Doh! V1TI needs to be added to V_128_256. I'll spin a patch.
The master branch has been updated by Roger Sayle <sayle@gcc.gnu.org>: https://gcc.gnu.org/g:37e4e7f77d8f7b7e911bf611a0f8edbc3a850c7a commit r13-961-g37e4e7f77d8f7b7e911bf611a0f8edbc3a850c7a Author: Roger Sayle <roger@nextmovesoftware.com> Date: Thu Jun 2 18:46:37 2022 +0100 PR target/105791: Add V1TI to V_128_256 for xop_pcmov_v1ti on x86_64. This patch resolves PR target/105791 which is a regression that was accidentally introduced for my workaround to PR tree-optimization/10566. (a deeper problem in GCC's vectorizer creating VEC_COND_EXPR when it shouldn't). The latest issues is that by providing a vcond_mask_v1tiv1ti pattern in sse.md, the backend now calls ix86_expand_sse_movcc with V1TImode operands, which has a special case for TARGET_XOP to generate a vpcmov instruction. Unfortunately, there wasn't previously a V1TImode variant, xop_pcmov_v1ti, so we'd ICE. This is easily fixed by adding V1TImode (and V2TImode) to V_128_256 which is only used for defining XOP's vpcmov instruction. This in turn requires V1TI (and V2TI) to be supported by <avxsizesuffix> (though the use if <avxsizesuffix> in the names xop_pcmov_<mode><avxsizesuffix> seems unnecessary; the mode makes the name unique). 2022-06-02 Roger Sayle <roger@nextmovesoftware.com> gcc/ChangeLog PR target/105791 * config/i386/sse.md (V_128_256):Add V1TI and V2TI. (define_mode_attr avxsizesuffix): Add support for V1TI and V2TI. gcc/testsuite/ChangeLog PR target/105791 * gcc.target/i386/pr105791.c: New test case.
This should now be fixed on mainline. Sorry for the breakage.

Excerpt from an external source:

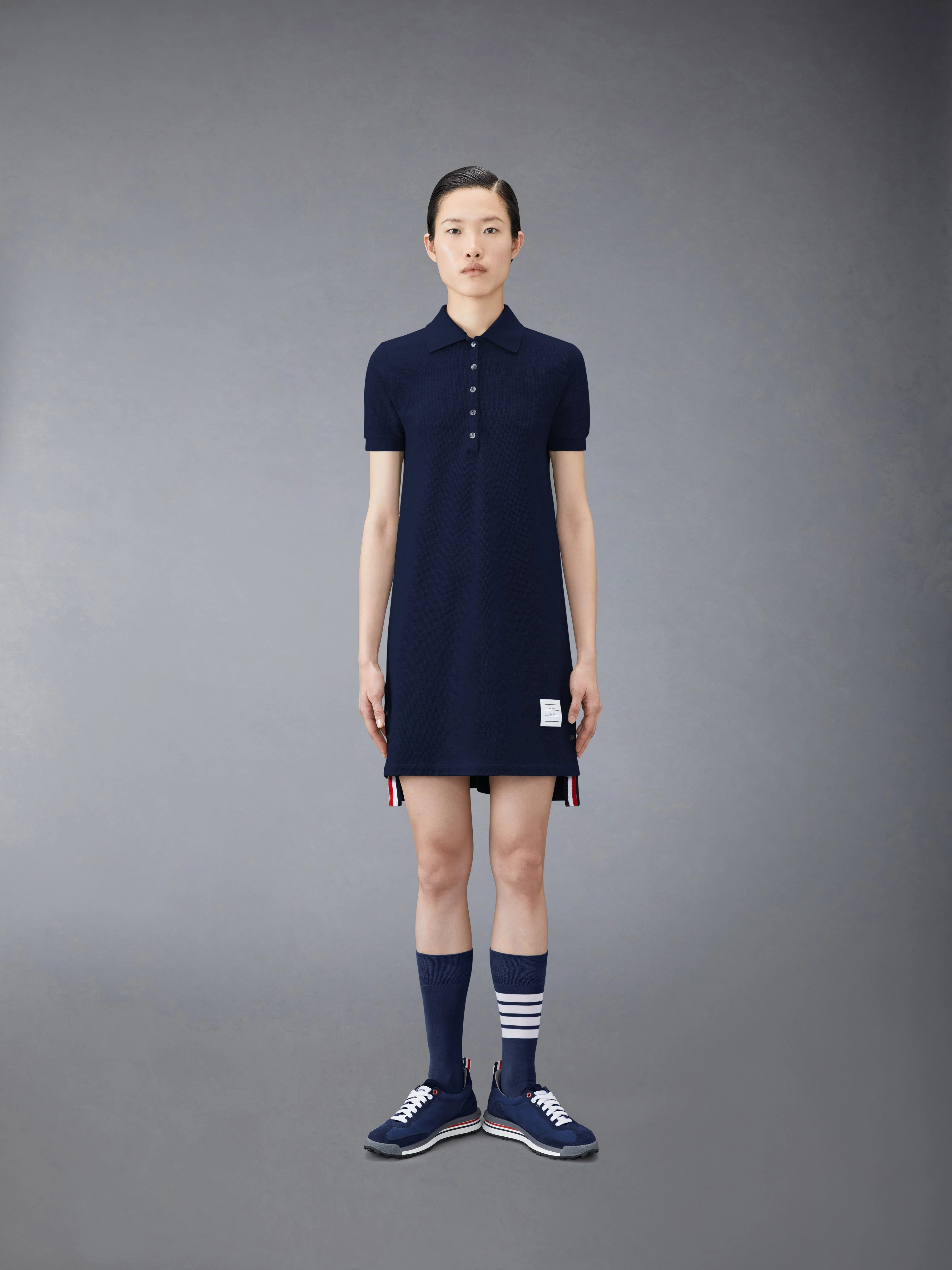 Inspired by East Coast preppy icons, our Classic Pique Stripe Polo Dress borrows from Thom Browne's very own love of sport. Find our signature nametag applique at the front hem and our distinct grosgrain trip at the back. Partial button placket Spread polo collar Name tag applique above hem Buttoned side vents with signature striped grosgrain trim Name tag applique above hem Center back stripe Model is 5' 10" (178cm), wearing size 40 100% Cotton Made in Italy FJD027A-00050-415

The master branch has been updated by Roger Sayle <sayle@gcc.gnu.org>: https://gcc.gnu.org/g:c4320bde42c6497b701e2e6b8f1c5069bed19818 commit r13-998-gc4320bde42c6497b701e2e6b8f1c5069bed19818 Author: Roger Sayle <roger@nextmovesoftware.com> Date: Tue Jun 7 07:49:40 2022 +0100 Recognize vpcmov in combine with -mxop on x86. By way of an apology for causing PR target/105791, where I'd overlooked the need to support V1TImode in TARGET_XOP's vpcmov instruction, this patch further improves support for TARGET_XOP's vpcmov instruction, by recognizing it in combine. Currently, the test case: typedef int v4si __attribute__ ((vector_size (16))); v4si foo(v4si c, v4si t, v4si f) { return (c&t)|(~c&f); } on x86_64 with -O2 -mxop generates: vpxor %xmm2, %xmm1, %xmm1 vpand %xmm0, %xmm1, %xmm1 vpxor %xmm2, %xmm1, %xmm0 ret but with this patch now generates: vpcmov %xmm0, %xmm2, %xmm1, %xmm0 ret On its own, the new combine splitter works fine on TARGET_64BIT, but alas with -m32 combine incorrectly thinks the replacement instruction is more expensive, as IF_THEN_ELSE isn't currently/correctly handled in ix86_rtx_costs. So to avoid the need for a target selector in the new tescase, I've updated ix86_rtx_costs to report that AMD's vpcmov has a latency of two cycles [it's now an obsolete instruction set extension and there's unlikely to ever be a processor where this instruction has a different timing], and while there I also added rtx_costs for x86_64's integer conditional move instructions (which have single cycle latency). 2022-06-07 Roger Sayle <roger@nextmovesoftware.com> gcc/ChangeLog * config/i386/i386.cc (ix86_rtx_costs): Add a new case for IF_THEN_ELSE, and provide costs for TARGET_XOP's vpcmov and TARGET_CMOVE's (scalar integer) conditional moves. * config/i386/sse.md (define_split): Recognize XOP's vpcmov from its equivalent (canonical) pxor;pand;pxor sequence. gcc/testsuite/ChangeLog * gcc.target/i386/xop-pcmov3.c: New test case.